§ Exercise data:
+ + +

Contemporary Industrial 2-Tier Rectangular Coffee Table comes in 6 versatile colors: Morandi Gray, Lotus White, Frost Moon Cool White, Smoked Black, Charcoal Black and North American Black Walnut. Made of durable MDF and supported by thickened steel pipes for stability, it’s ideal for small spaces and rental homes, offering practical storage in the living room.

+ + +

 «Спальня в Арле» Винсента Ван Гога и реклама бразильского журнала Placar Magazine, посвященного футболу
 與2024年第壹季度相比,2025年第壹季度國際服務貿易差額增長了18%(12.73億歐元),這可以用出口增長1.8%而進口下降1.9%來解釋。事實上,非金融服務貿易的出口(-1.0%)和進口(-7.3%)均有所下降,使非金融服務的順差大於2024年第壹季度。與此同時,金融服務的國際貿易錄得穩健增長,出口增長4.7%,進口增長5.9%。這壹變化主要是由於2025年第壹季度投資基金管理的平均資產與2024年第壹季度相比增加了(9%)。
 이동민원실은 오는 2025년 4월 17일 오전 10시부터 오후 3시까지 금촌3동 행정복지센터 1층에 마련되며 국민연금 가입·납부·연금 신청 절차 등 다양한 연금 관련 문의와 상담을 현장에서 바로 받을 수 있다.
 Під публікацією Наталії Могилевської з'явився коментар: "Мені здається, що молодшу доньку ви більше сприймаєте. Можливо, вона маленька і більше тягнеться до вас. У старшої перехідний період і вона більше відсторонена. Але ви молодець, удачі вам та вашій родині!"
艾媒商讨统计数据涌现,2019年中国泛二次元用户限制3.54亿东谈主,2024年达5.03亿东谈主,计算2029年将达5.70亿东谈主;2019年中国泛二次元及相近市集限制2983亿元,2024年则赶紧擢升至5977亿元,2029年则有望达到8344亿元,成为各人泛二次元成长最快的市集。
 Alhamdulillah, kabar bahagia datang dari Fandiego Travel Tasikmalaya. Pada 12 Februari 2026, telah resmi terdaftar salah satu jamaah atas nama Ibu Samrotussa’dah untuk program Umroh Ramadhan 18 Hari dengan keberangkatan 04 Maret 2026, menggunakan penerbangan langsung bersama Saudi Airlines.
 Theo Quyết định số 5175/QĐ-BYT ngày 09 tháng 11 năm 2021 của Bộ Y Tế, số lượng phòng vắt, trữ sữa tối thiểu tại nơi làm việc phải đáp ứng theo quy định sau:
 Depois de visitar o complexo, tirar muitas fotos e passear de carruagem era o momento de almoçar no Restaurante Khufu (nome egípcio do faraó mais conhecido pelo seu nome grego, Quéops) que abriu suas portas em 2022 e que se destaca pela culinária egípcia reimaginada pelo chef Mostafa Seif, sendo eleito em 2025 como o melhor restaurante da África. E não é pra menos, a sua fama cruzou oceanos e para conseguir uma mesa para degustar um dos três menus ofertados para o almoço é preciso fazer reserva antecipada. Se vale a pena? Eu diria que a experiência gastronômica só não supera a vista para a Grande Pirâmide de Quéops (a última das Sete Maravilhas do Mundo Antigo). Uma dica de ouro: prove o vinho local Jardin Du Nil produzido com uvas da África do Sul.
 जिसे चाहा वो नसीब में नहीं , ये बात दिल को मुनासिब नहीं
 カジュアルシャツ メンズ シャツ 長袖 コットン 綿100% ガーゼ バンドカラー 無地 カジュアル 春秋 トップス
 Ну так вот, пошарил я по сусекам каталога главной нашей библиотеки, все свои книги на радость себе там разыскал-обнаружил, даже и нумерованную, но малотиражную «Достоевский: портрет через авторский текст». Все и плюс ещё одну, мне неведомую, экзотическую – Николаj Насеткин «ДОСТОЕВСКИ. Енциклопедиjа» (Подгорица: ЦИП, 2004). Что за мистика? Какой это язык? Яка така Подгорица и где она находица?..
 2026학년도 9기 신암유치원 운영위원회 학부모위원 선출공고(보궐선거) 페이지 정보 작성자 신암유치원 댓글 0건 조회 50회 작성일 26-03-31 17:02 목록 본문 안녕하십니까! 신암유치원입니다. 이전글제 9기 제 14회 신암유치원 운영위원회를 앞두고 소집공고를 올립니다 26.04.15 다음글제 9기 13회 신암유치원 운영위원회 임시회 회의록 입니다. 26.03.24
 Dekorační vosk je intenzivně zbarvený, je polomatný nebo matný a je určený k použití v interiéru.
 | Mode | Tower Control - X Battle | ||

+ + +

§ Problem: Reproduce word for word the material above, beginning with the line that contains "Magazine, посвященного футболу" and ending with the line that contains "Alhamdulillah, kabar bahagia".

§ Your solution:
 «Спальня в Арле» Винсента Ван Гога и реклама бразильского журнала Placar Magazine, посвященного футболу
 與2024年第壹季度相比,2025年第壹季度國際服務貿易差額增長了18%(12.73億歐元),這可以用出口增長1.8%而進口下降1.9%來解釋。事實上,非金融服務貿易的出口(-1.0%)和進口(-7.3%)均有所下降,使非金融服務的順差大於2024年第壹季度。與此同時,金融服務的國際貿易錄得穩健增長,出口增長4.7%,進口增長5.9%。這壹變化主要是由於2025年第壹季度投資基金管理的平均資產與2024年第壹季度相比增加了(9%)。
 이동민원실은 오는 2025년 4월 17일 오전 10시부터 오후 3시까지 금촌3동 행정복지센터 1층에 마련되며 국민연금 가입·납부·연금 신청 절차 등 다양한 연금 관련 문의와 상담을 현장에서 바로 받을 수 있다.
 Під публікацією Наталії Могилевської з'явився коментар: "Мені здається, що молодшу доньку ви більше сприймаєте. Можливо, вона маленька і більше тягнеться до вас. У старшої перехідний період і вона більше відсторонена. Але ви молодець, удачі вам та вашій родині!"
艾媒商讨统计数据涌现,2019年中国泛二次元用户限制3.54亿东谈主,2024年达5.03亿东谈主,计算2029年将达5.70亿东谈主;2019年中国泛二次元及相近市集限制2983亿元,2024年则赶紧擢升至5977亿元,2029年则有望达到8344亿元,成为各人泛二次元成长最快的市集。
 Alhamdulillah, kabar bahagia datang dari Fandiego Travel Tasikmalaya. Pada 12 Februari 2026, telah resmi terdaftar salah satu jamaah atas nama Ibu Samrotussa’dah untuk program Umroh Ramadhan 18 Hari dengan keberangkatan 04 Maret 2026, menggunakan penerbangan langsung bersama Saudi Airlines.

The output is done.